Think of it this way: a family tree without sources is a collection of opinions. A family tree with sources is a collection of evidence. One of those can be checked, corrected, and built upon by future researchers. The other cannot.

What Happens When You Share Uncited Research

The genealogy internet is full of trees that have been copied from other trees that were copied from other trees. Somewhere at the beginning of that chain, somebody probably looked at an actual record. But by the time the information reaches you, it has been copied so many times that nobody knows where it originally came from. Errors that were introduced at any point in the chain — a misread date, a confused generation, a wrong spouse — have been duplicated into hundreds of trees, where they look like confirmed facts simply because so many people have the same information.

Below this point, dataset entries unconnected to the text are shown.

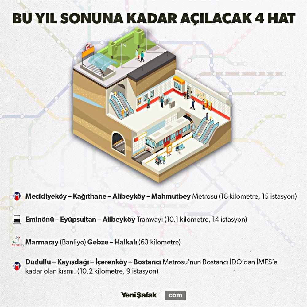 İnşaat halindeki hatlar ile metroda 430 km uzunluğa yaklaşarak Londra ve Newyork’u geride bırakan İstanbul’da metro yapımında yeni bir uygulamaya geçiliyor. İstanbul trafiğini ciddi anlamda rahatlatacak 'her yere metro' projesi için gerekli olan 600 km’lik hat şehir hastanelerinde uygulanan yap-kirala-devret formülü ile yapılacak.
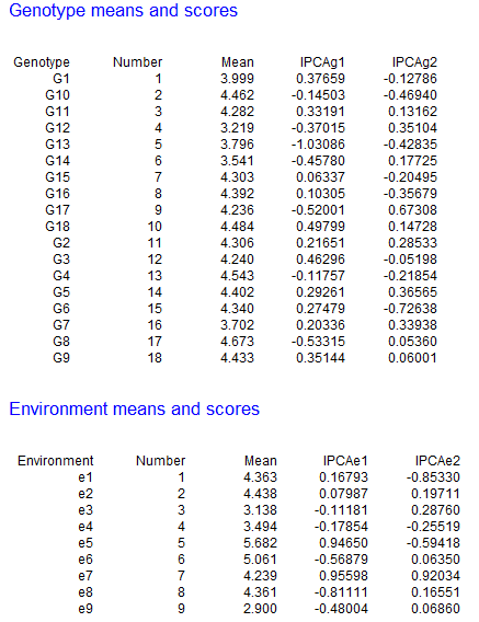 现有18个品种(G1 ~ G9),9个地点(e1 ~ e9),观测值为每个品种在每个地点的BLUP值(或者平均值)。
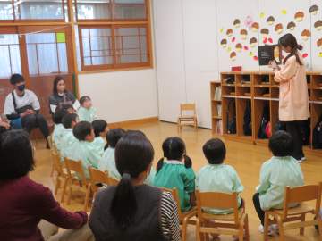 最後は皆で本や紙芝居を楽しみました。この本は運動会で扱ったおばけの題材となった「ばけばけばけばけばけたくん」の絵本です。

This is not a small problem. It is the single biggest source of error in online genealogy today. And the only thing that breaks the chain is a citation. When you cite your sources, anyone who encounters your research can trace it back to the original record and verify it. When you do not, your research becomes part of the noise — another unchecked tree adding to the echo chamber.

You Do Not Need to Be Perfect

Here is the good news: citing your sources does not require you to memorise a complicated format or spend twenty minutes composing each citation by hand. What matters is that you record enough information for someone to find the same record again. The name of the person in the record. The type of record. Where you found it. The date on the record. The repository or website.

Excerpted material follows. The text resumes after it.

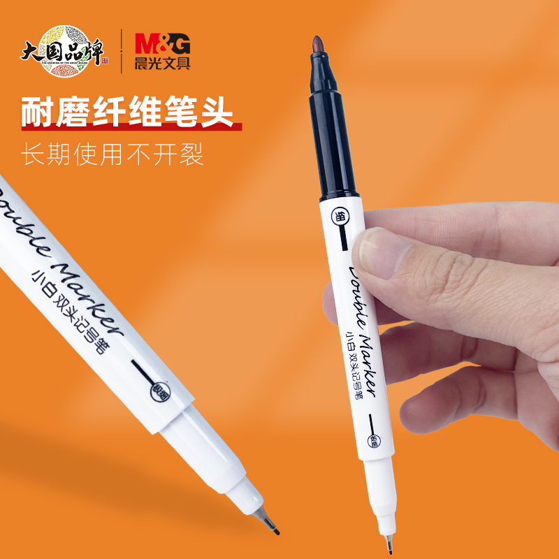 晨光马克儿童绘画幼儿园描边速干防水防油不掉色两头工地大头小双头记号笔勾线笔美术专用小学生黑色油性细头

If you write down those five things every time you look at a record, you are doing better than most genealogists. A formal citation in Evidence Explained format is ideal — and generators exist that can format it for you — but an imperfect citation that gets you back to the record is infinitely better than no citation at all.

Start here
Every time you find a record, before you add anything to your tree, write down: (1) what the record is, (2) whose name is on it, (3) where you found it, (4) what date the record was created, and (5) the URL or repository. That is your citation. You can always format it properly later.

The Real Reason to Cite

The deepest reason to cite your sources is not about following rules or impressing other genealogists. It is about respecting the people you are researching. Every name in your tree was a real person who lived a real life. The records that survive them — a census line, a ship manifest entry, a death certificate — are the last traces of that life. When you cite the record, you are preserving the connection between the person and the evidence of their existence. When you do not, that connection is lost — maybe not today, but eventually, when your tree passes to someone who cannot ask you where the information came from.

Your future self will thank you. Your children will thank you. And the researchers who come after you — the ones who pick up where you left off and carry the work further back — will be able to do so because you left a trail they can follow.